Maybe your thermistor worked at low temperatures because some metal ions had doped the glass. It would be good to get the opinion of a semiconductor structure specialist on this.
Once, 50 years ago I tried this with a welder and it worked exactly the same, the hot molten glass acts as a regular conductor.
@@Poult100 Thank you for your input. Yes, I'm quite certain that there was some doping of the glass going on there as the metal from the probe electrode vaporized. I mean, I was 14, and I wasn't exactly working in a sterile lab. :)
_Nobody_ ever believed you ?? Is that just internet speak for "the few unqualified people around me that I told" or do you mean you spoke to, y'know, physicists and _they_ didn't believe you ? Because that molten glass conducts is a _very_ uncontroversial claim.
(not trying to be mean BTW - nice demo, good for you, especially at 14 etc. - but this should surprise no one with even high school physics and _certainly_ no physics undergrad. It's mentioned in Purcell's "Electricity and Magnetism" [1965] for instance)
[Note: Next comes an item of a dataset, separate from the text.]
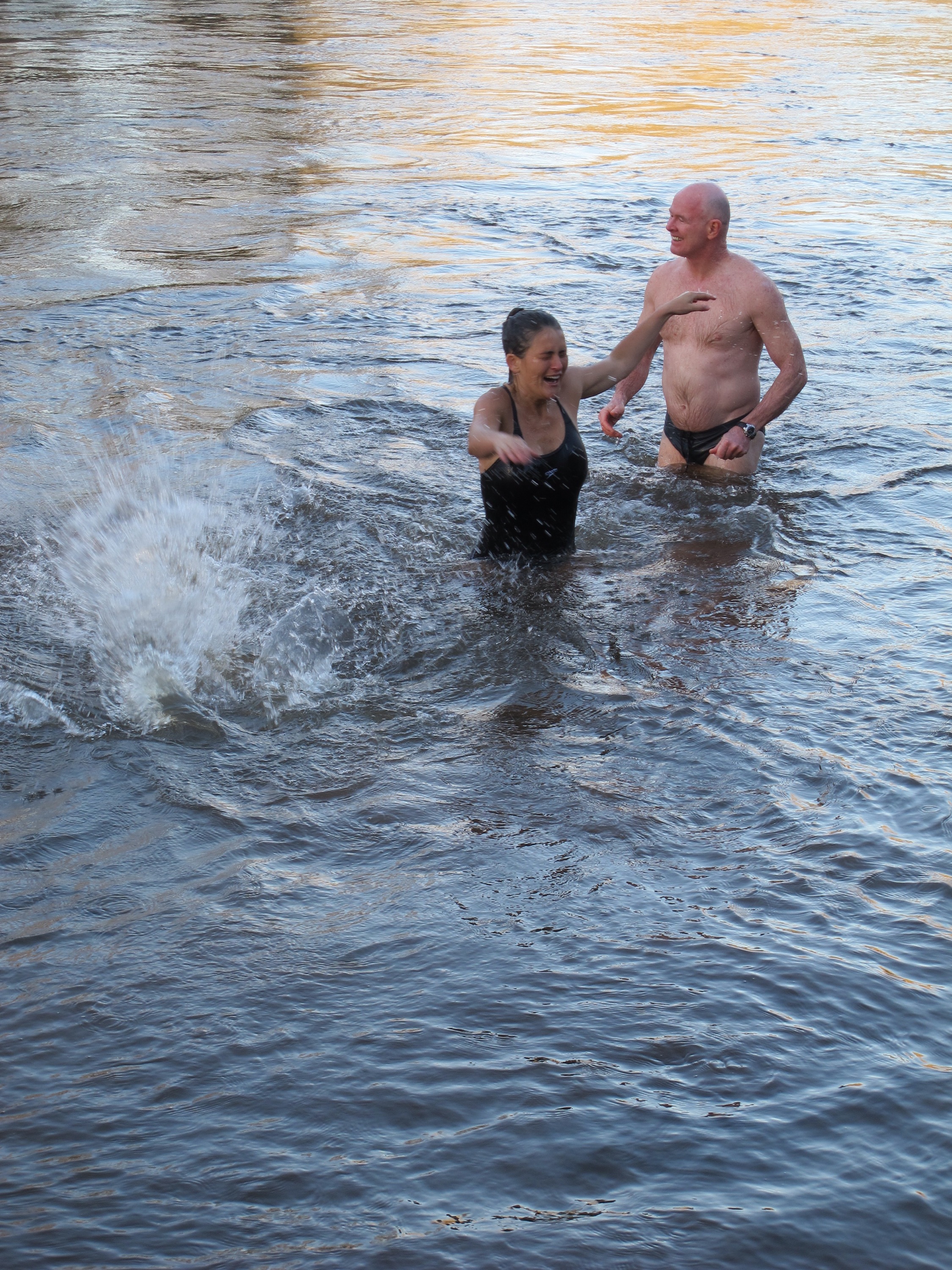 There had been a lot of talk about having a swim so Sarah, Joe and John took their togs and had nearly been put off because it was just so cold …

As a ceramic engineer, I remember seeing an experimental kiln designed to produce bricks in a large industrial microwave oven. It quickly turned the brick into a melted blob, exactly as you showed here. Thank you.
Would be interesting if those were ever designed for like tea sets and stuff.
Ceramic engineer? So you're made out of ceramic? LOL
3:50 you basically also turned the glass into a light producing filament.
mini light bulb lol
These are two of the coolest experiments and results you've done.
I don't know if this is constructive criticism or criticism at all but that is one of your better videos for some time
100% agree
I agree. Something I never really thought about and got excited to see what happened.
I agree. I watched the entire video, which I don’t usually do with his content. It’s not that the content is bad; it just doesn’t always hold my attention.
Some videos are just a little extra interesting
To be honest, he's probably at the point where "criticism" from his many viewers isn't useful, as there's too many different opinions.
Also he does quite a diverse range of things, so it'll always be a bit hit and miss.
I think it's a bit underrated actually, as lots of channels don't actually do the experiments, they just write on a screen and animate from Wikipedia articles.
Usually your show is great but this time you've blown me away!
Great demonstration and exposes a major safety vulnerability when using glass as a conductive insulator.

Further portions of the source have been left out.